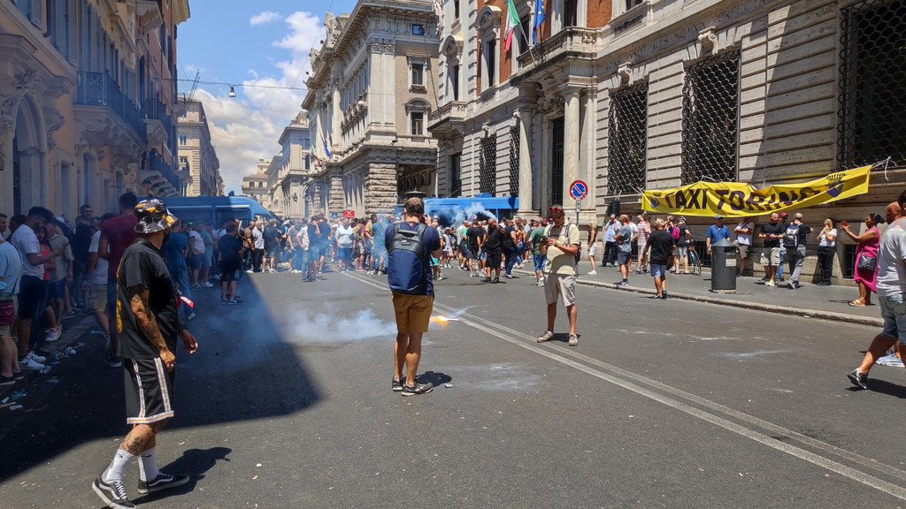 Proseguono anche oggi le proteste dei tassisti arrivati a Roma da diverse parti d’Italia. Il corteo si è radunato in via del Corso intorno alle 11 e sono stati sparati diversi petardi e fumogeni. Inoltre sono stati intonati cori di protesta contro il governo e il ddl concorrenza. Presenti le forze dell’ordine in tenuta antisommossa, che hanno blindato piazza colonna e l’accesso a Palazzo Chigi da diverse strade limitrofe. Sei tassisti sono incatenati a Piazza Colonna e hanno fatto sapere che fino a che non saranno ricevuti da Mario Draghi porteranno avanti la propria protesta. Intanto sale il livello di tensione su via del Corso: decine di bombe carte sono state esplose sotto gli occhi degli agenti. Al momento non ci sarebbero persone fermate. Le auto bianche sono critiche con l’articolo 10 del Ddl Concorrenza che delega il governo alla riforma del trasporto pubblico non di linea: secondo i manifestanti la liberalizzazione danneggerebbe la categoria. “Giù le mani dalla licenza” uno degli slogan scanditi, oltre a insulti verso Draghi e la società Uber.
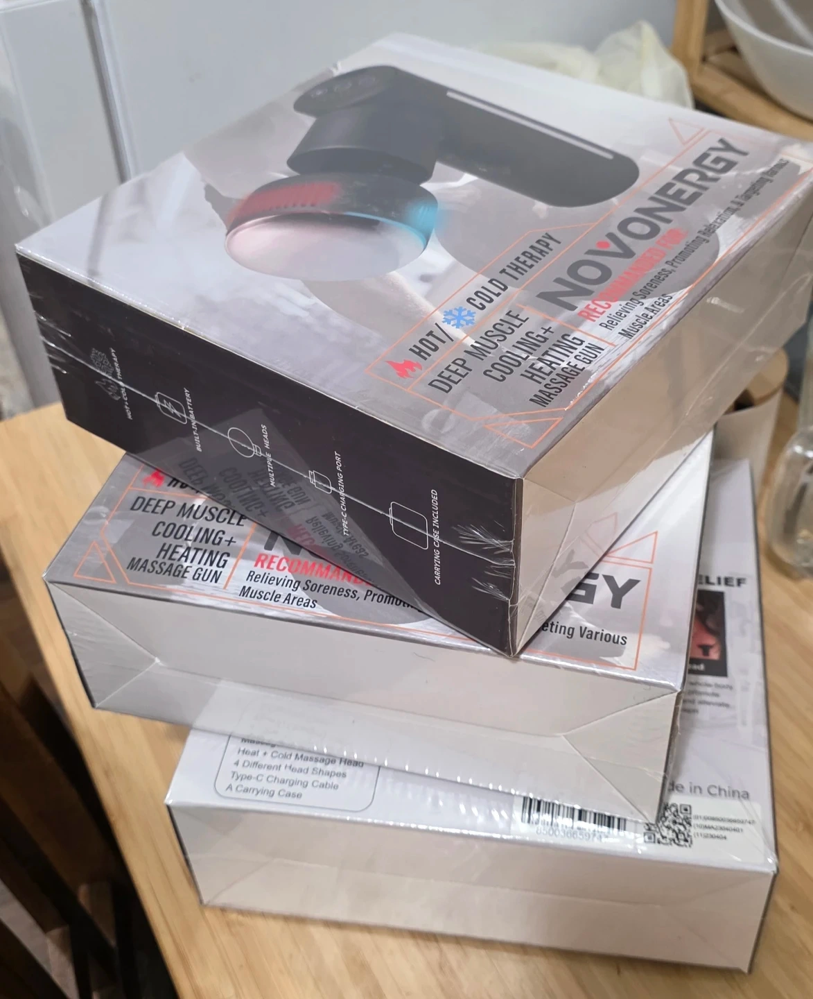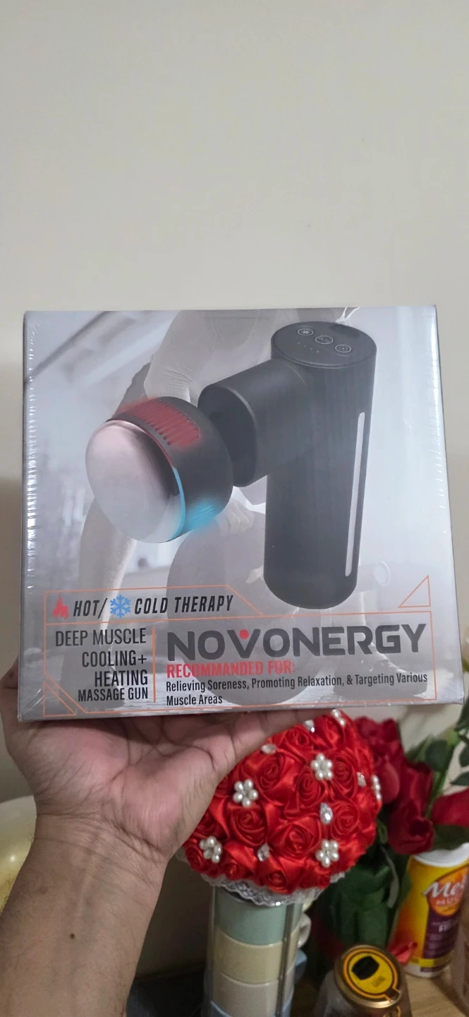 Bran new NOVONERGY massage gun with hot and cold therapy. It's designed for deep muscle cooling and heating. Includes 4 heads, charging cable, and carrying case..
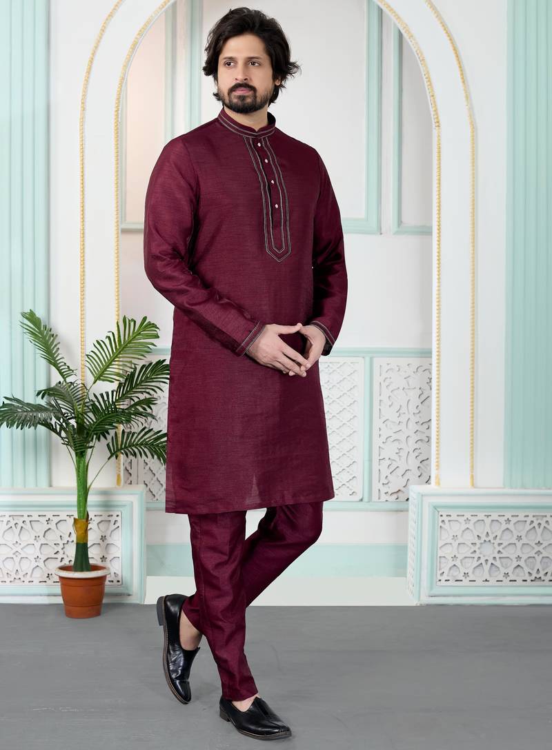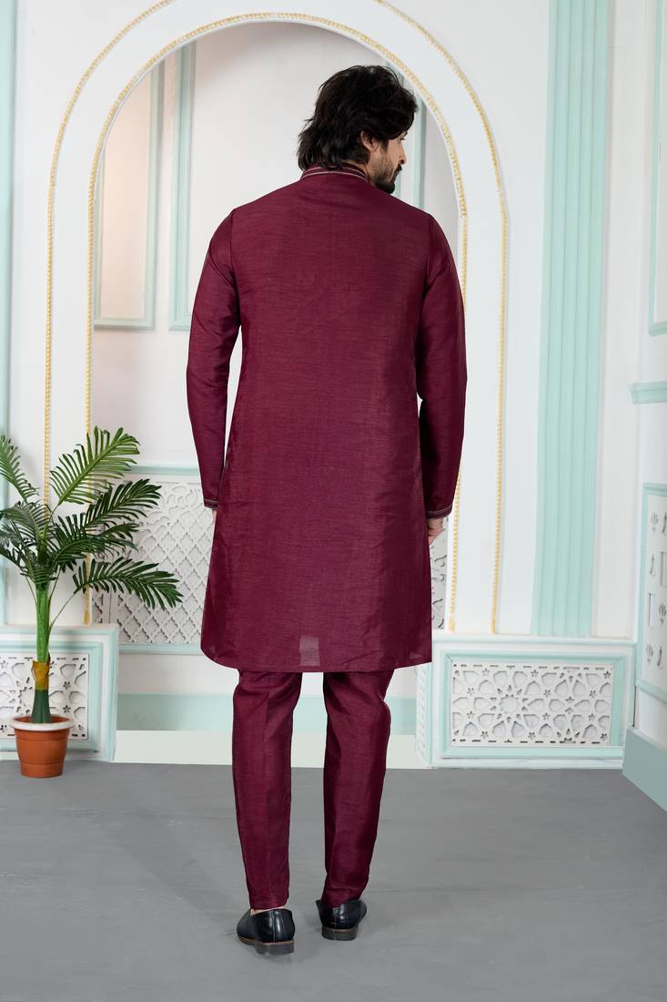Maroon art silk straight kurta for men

...

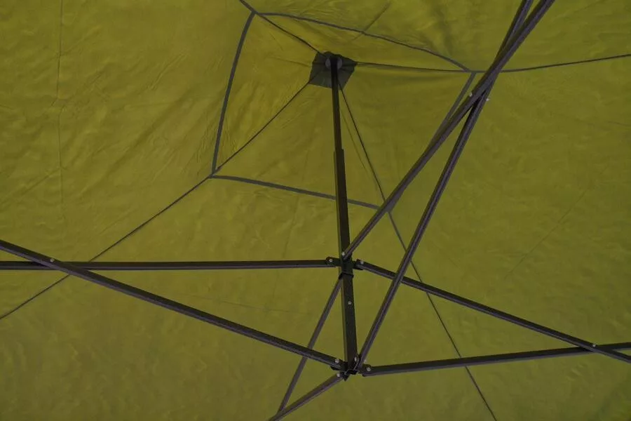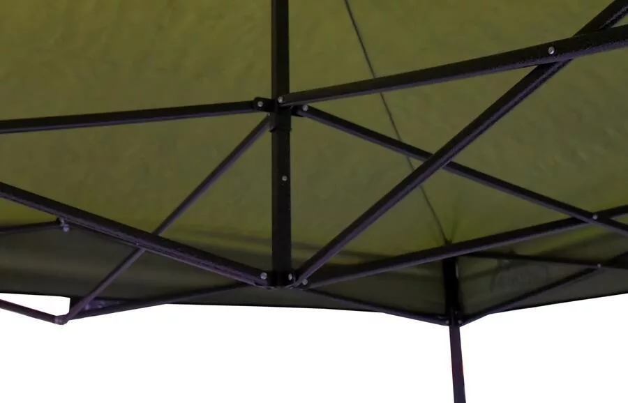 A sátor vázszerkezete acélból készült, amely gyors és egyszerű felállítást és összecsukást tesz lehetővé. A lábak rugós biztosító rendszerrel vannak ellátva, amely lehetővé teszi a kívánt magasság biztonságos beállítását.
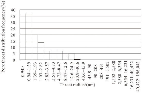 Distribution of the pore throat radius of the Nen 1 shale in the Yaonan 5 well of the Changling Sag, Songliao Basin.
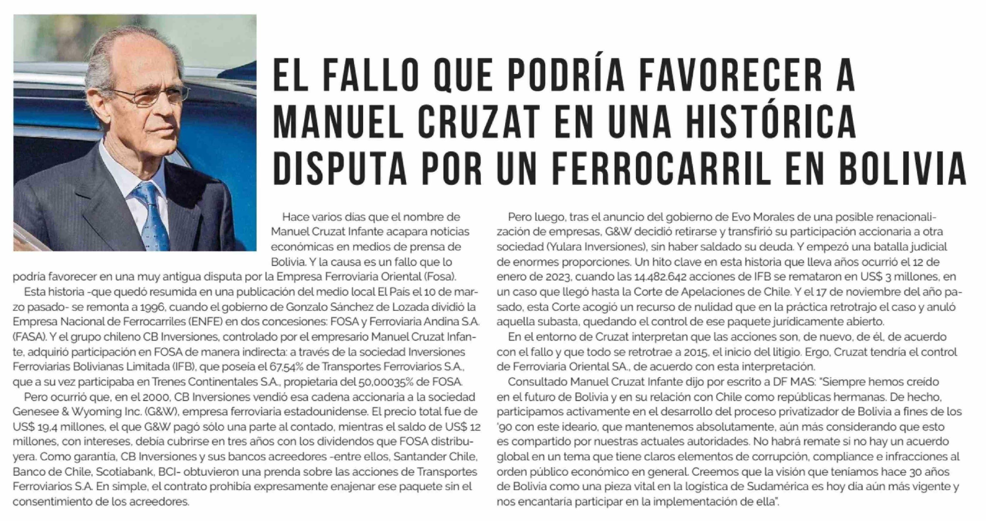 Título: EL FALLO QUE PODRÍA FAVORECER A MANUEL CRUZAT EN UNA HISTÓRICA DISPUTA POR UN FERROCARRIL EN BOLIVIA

Your instructions
The lines to copy exactly start with the line above that has "A sátor vázszerkezete" and go on through the line that has "Título: EL FALLO"; please include both, add nothing else, and omit the pictures.

Output for this exercise
 A sátor vázszerkezete acélból készült, amely gyors és egyszerű felállítást és összecsukást tesz lehetővé. A lábak rugós biztosító rendszerrel vannak ellátva, amely lehetővé teszi a kívánt magasság biztonságos beállítását.
 Distribution of the pore throat radius of the Nen 1 shale in the Yaonan 5 well of the Changling Sag, Songliao Basin.
 Título: EL FALLO QUE PODRÍA FAVORECER A MANUEL CRUZAT EN UNA HISTÓRICA DISPUTA POR UN FERROCARRIL EN BOLIVIA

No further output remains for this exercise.